Each day of Kwanzaa corresponds to a different principle. They are umoja (unity); kujichagulia (self-determination); ujima (collective work and responsibility); ujamaa (cooperative economics); nia (purpose); kuumba (creativity); and imani (faith).

The Kwanzaa ceremony draws from several African harvest celebrations. An altar, adorned with cloth and a straw mat, holds the kinara, Swahili for candleholder, with three red candles, three green and one black. Each candle represents a different principle. Each day, a candle is lit and the corresponding principle discussed.

Advertisement

The colors also are symbolic: red for struggle and blood spilled by ancestors; green for the future; and black for unity and the African continent. Also used in the ceremony are fruits, which represent the rewards of harvest, and dried corn, for children and the future. Ceremonies conclude with a drink of water from the kombe, or unity cup.

*

Despite its timing, adherents emphasize that Kwanzaa has nothing to do with Christmas and can be observed by people of any faith. Gifts are exchanged, but they are generally simple, handmade and educational.

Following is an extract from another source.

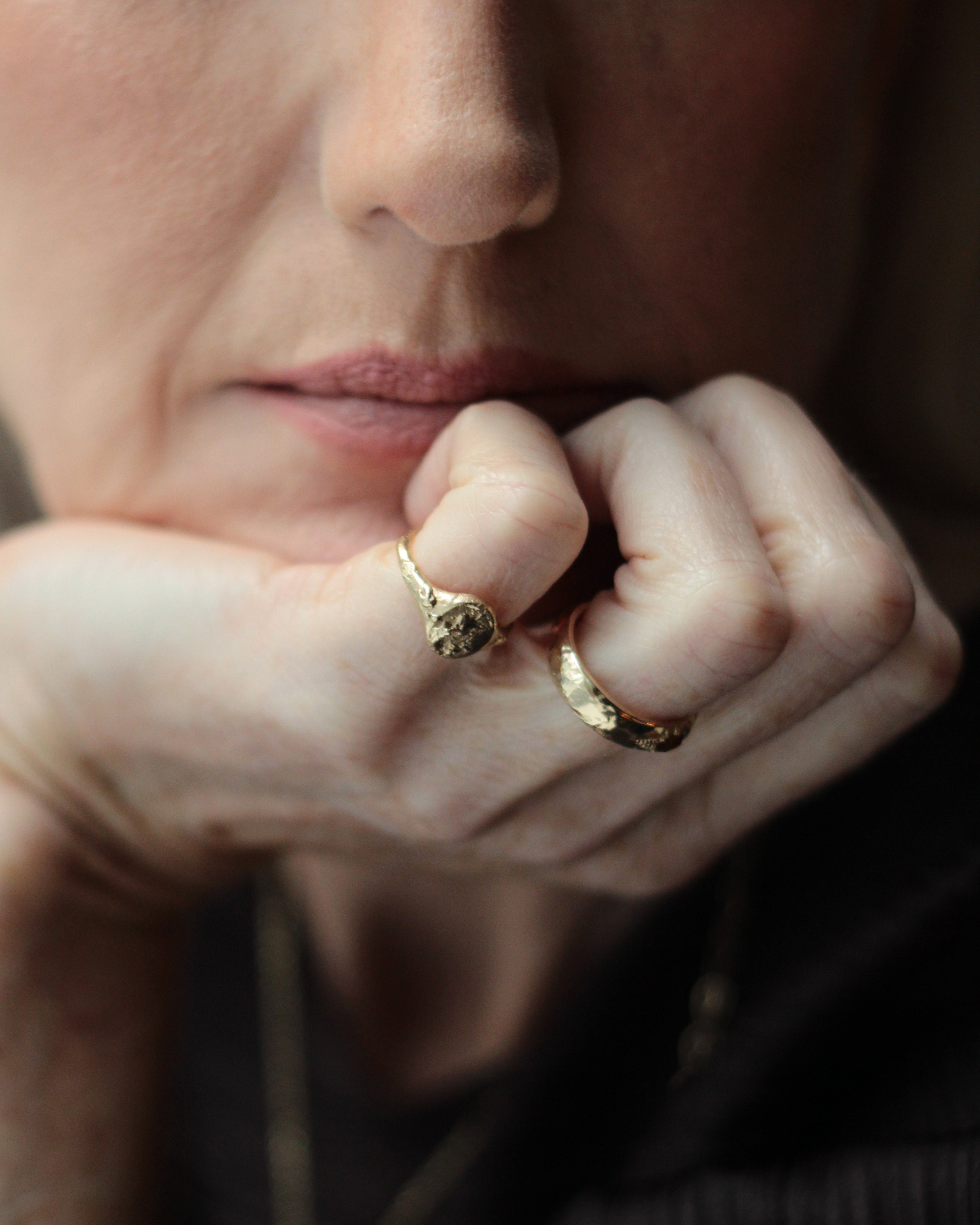 Origins is inspired by Neolithic tools found in the Scottish landscape - objects created for everyday use, shaped by hand, and built to last. This collection focuses on solid gold designs with textural forms and a quiet sense of strength.

Sheila Salih of Dove Canyon will give her children--Kyle, 6, and Nicole, 4--Mancala, an ancient game of strategy from Africa that is played with small stones.

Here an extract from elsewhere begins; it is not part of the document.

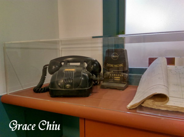 忘了拍這個物件的名稱,但記得沒錯的話這是售票箱,從我有印象開始的車票是小小張且帶有些厚度,車票就這樣一疊疊放在售票箱裡,當旅客購買車票時售票員就會抽出車票滑過鉛字軋日機(電話旁邊那台)打印上日期後販售.

Salih first celebrated Kwanzaa three years ago at Stone’s home and was moved by Stone’s Kwanzaa coloring books and adult books on African culture. When she was growing up, Salih recalled, she was not exposed to such things. She wanted something different for her children.

“It’s like a support,” said Salih, an organizer for the South County event. “It affirms the family. It teaches us to respect one another and to trust.”

Karenga created Kwanzaa in 1966, the year after the Watts riots, to unify the black community by honoring ancestors and looking to the future. The holiday’s birth came at the height of the 1960s’ black power movement. But today, Kwanzaa is going mainstream.

Advertisement

An estimated 13 million people worldwide celebrate the holiday. This year, the U.S. Postal Service released a Kwanzaa stamp, designed by Los Angeles artist Synthia Saint James. The stamp made its Orange County debut at Cal State Fullerton in late October before a campus-sponsored town hall meeting on issues affecting the African American community.

For many African American families, the holiday’s apolitical nature is appealing. From its early association with the civil rights movement of the 1960s, it has become broader, an occasion to celebrate family, culture and community.

“It isn’t perceived as something threatening anymore,” Stone said. “It’s OK to wear African attire. It’s OK to gather. When you see a gathering of African Americans, people get very uncomfortable. That has been around for so long that it’s refreshing finally to see, ‘Hey, we can do this, and everyone will be OK with it.’ ”

Kwanzaa also has moved beyond the African American community. Edmonds said she began getting calls in September from many non-African Americans asking about this year’s event. And she recently presented the holiday to a group of elderly Jews at Leisure World in Seal Beach.

“Unity is what it’s all about,” said Helen Shipp, president of the Orange County Black Historical Commission. “Once we all begin to get into the community thing, whether it’s Chicanos, blacks, Vietnamese or whatever, this will be a much better county.”

Saturday’s event, sponsored by the African Cultural Arts Council of the Bowers Museum of Cultural Art, is open to the public. It will be from 1:30 to 5 p.m. at Valley High School, 1801 S. Greenville St., Santa Ana. A storyteller, African dance and drumming, and refreshments will be included. The cost is $5 a person or $15 for a family of five or more. For more information, call (714) 543-7379.

Advertisement

Sunday’s event is for members of African American Parents and Concerned Citizens of South Orange County and the Just Like Me Play Group, formed two years ago by African American parents seeking dialogue and playmates for their kids.